1 Division of Endocrinology, Department of Medicine, University of Florida , Gainesville, Florida.
2 Knowledge and Evaluation Research Unit (KER-ENDO), Mayo Clinic , Rochester, Minnesota.
Thyroid. 2017 Oct;27(10):1332-1334. doi: 10.1089/thy.2016.0536. Epub 2017 Sep 5.
We describe a family with multiple endocrine neoplasia type 2A (MEN2A) caused by the D631Y RET mutation resulting in an atypical phenotype. The index case was a 24-year-old man with history of recurrent anaplastic ependymoma incidentally found to have the D631Y RET mutation. At first assessment, four family members had evidence of large pheochromocytomas. One patient was found to have micromedullary thyroid cancer at 79 years of age. None of the patients had primary hyperparathyroidism. Patients with MEN2A caused by a D631Y RET mutation most commonly present with pheochromocytomas. Medullary thyroid cancer is a less common part of the syndrome when compared with other RET mutations.
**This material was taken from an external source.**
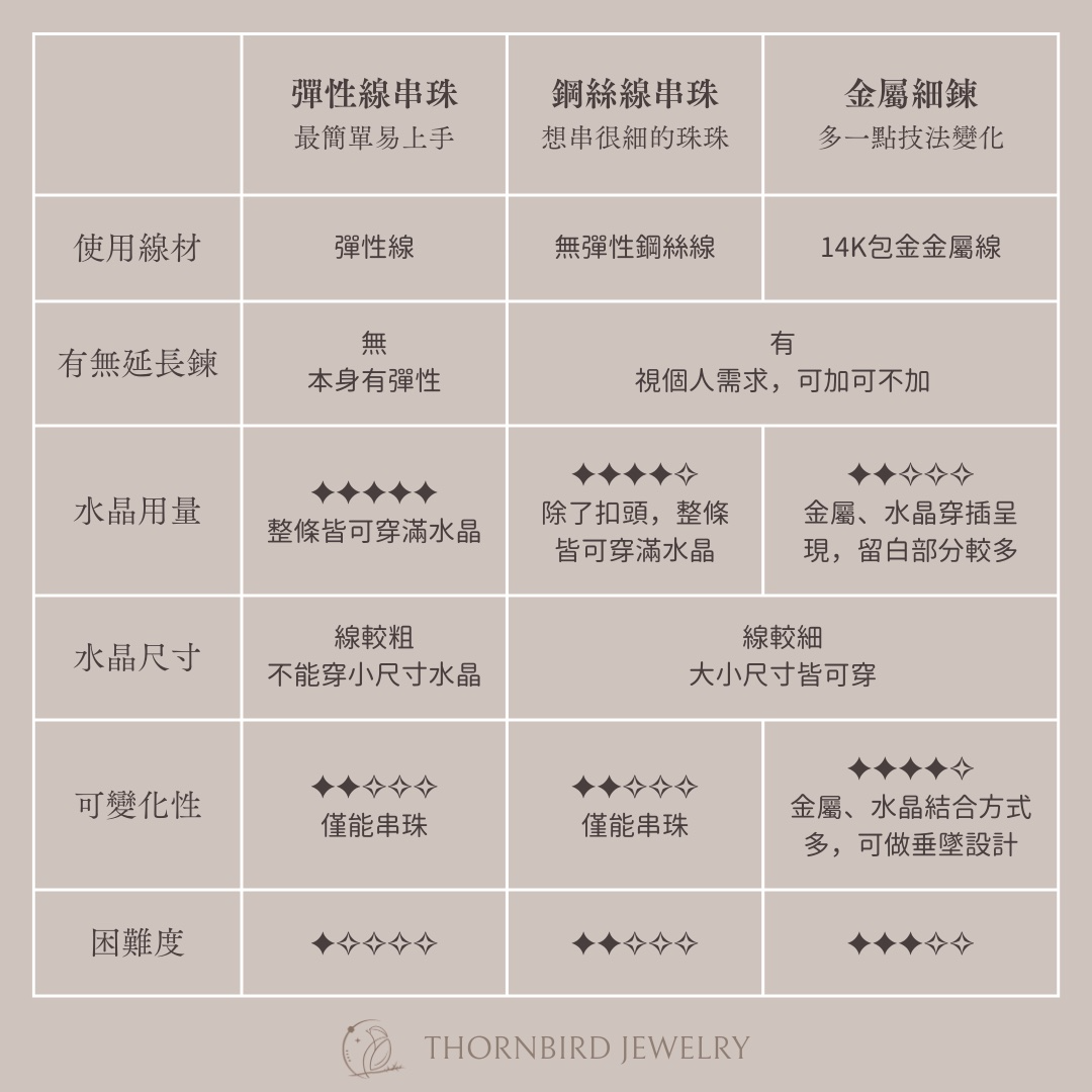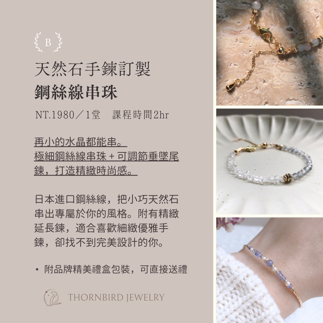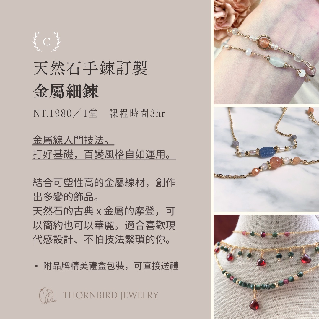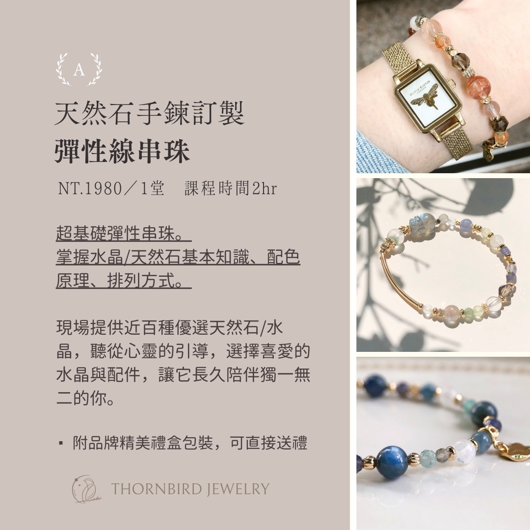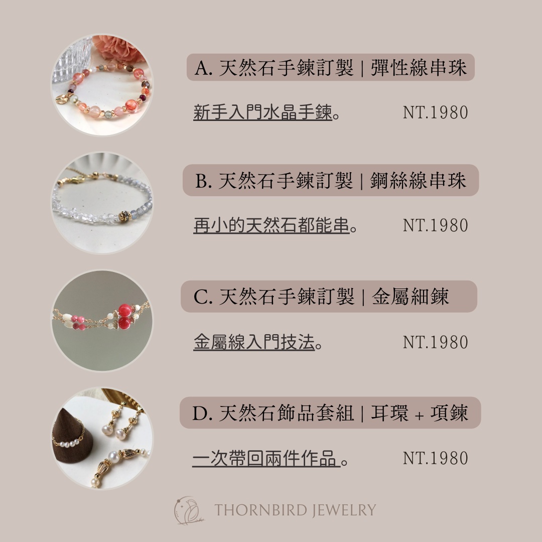 從0到1,完成你的第一件手作飾品。提供 100 多種天然石/水晶,為自己設計獨一無二的飾品。基礎技法,千變萬化,初學者也能簡單上手。

我们描述了一个由 D631Y RET 突变引起的多发性内分泌肿瘤 2A(MEN2A)家族,该突变导致了非典型表型。该家族的先证者为一名 24 岁的男性,患有复发性间变性室管膜瘤,偶然发现 D631Y RET 突变。在首次评估时,有 4 名家族成员有大型嗜铬细胞瘤的证据。一名 79 岁的患者被发现患有微髓样甲状腺癌。这些患者均无原发性甲状旁腺功能亢进症。由 D631Y RET 突变引起的 MEN2A 患者最常见的表现为嗜铬细胞瘤。与其他 RET 突变相比,髓样甲状腺癌是该综合征中较为少见的一部分。